Visiting the Royal Albatross Centre last year are Donald Alexander (left), of Napier, centre...
Visiting the Royal Albatross Centre last year are Donald Alexander (left), of Napier, centre manager Hoani Langsbury, Shirley Alexander and her daughter, Nicky Elmore, of Auckland. PHOTO: PETER MCINTOSH
The niece of a pioneering Dunedin seabird scientist is keen to find two missing medals awarded to her uncle.

Shirley Alexander, of Napier, thinks she may have misplaced the medals awarded to Lance Richdale during a visit to Dunedin last year.

In April 2018 she spent several days in the city, which included a visit to the Dunedin Royal Albatross Centre on April 13.

On her trip south she brought with her two medals, a Hector Medal awarded to Dr Richdale by the Royal Society of New Zealand in 1953, and an OBE for services to ornithology (1982).

This Hector Medal was awarded to Lance Richdale by the Royal Society of New Zealand. PHOTO: SUPPLIED
This Hector Medal was awarded to Lance Richdale by the Royal Society of New Zealand. PHOTO: SUPPLIED
Mrs Alexander, accompanied by her husband Donald and daughter Nicky Elmore, of Auckland, then spent a night staying in the Catlins and later returned to Napier.

	This OBE medal was awarded to Lance Richdale in 1982 for services to ornithology. PHOTO: SUPPLIED
This OBE medal was awarded to Lance Richdale in 1982 for services to ornithology. PHOTO: SUPPLIED
It was only a month ago she realised the medals were not in their usual place at home and, after making a thorough search, she feared the medals might have been lost during her southern trip.

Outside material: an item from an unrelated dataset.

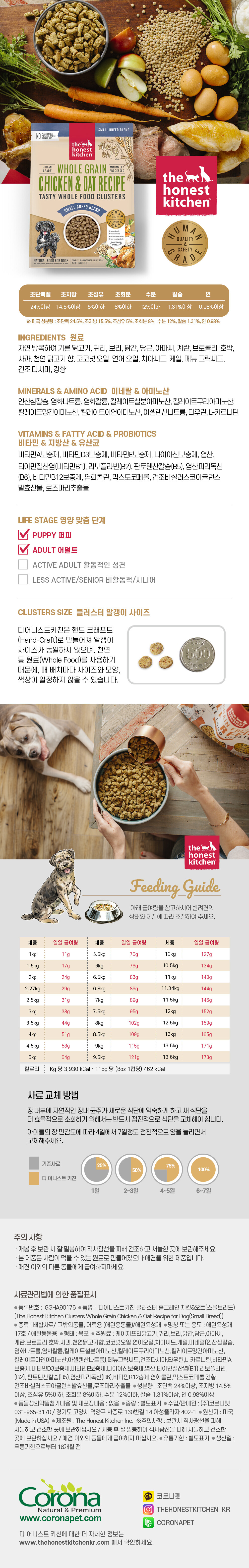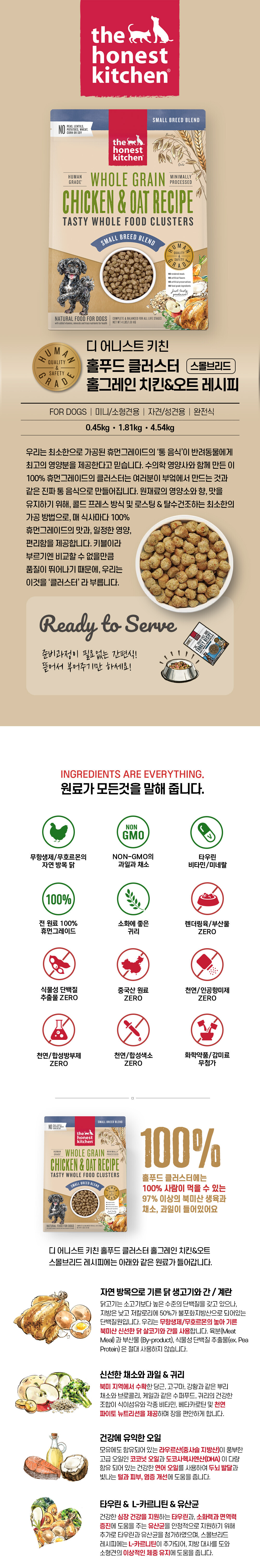 디어니스트키친 클러스터 홀그레인 치킨오트 스몰브리드 (450g / 1.81kg)

"I'm just really concerned about the fact that they're missing and hopefully that they can be found," Mrs Alexander said.

"I'm really upset."

During the Dunedin trip, she had realised Ms Elmore, an Auckland Enviroschools co-ordinator, had shared Dr Richdale's environmental interests and had wanted her to see Taiaroa Head, where he had conducted his research, Mrs Alexander said.

Trust ecotourism manager Hoani Langsbury said he had photographed the two medals when Mrs Alexander visited the centre.

After Mrs Alexander recently rang him to advise they were missing, he urged anyone who knew of their whereabouts to call him at the centre so they could be returned, Mr Langsbury said.

Dunedin author Neville Peat, who wrote a biography of Dr Richdale, Sea Bird Genius (2011), said an initial set of medals had been lost from an Auckland retirement home after Dr Richdale's death in 1983.

This loss, and that of more recently provided official replacement medals had distressed the family, and he urged their return.

Dr Richdale gained international fame as the father of the Otago albatross colony from 1936 and for his research on the yellow-eyed penguin.

Time Magazine dubbed him as "the Dr Kinsey of the penguin world", in a review of his 1951 book on penguin behaviour.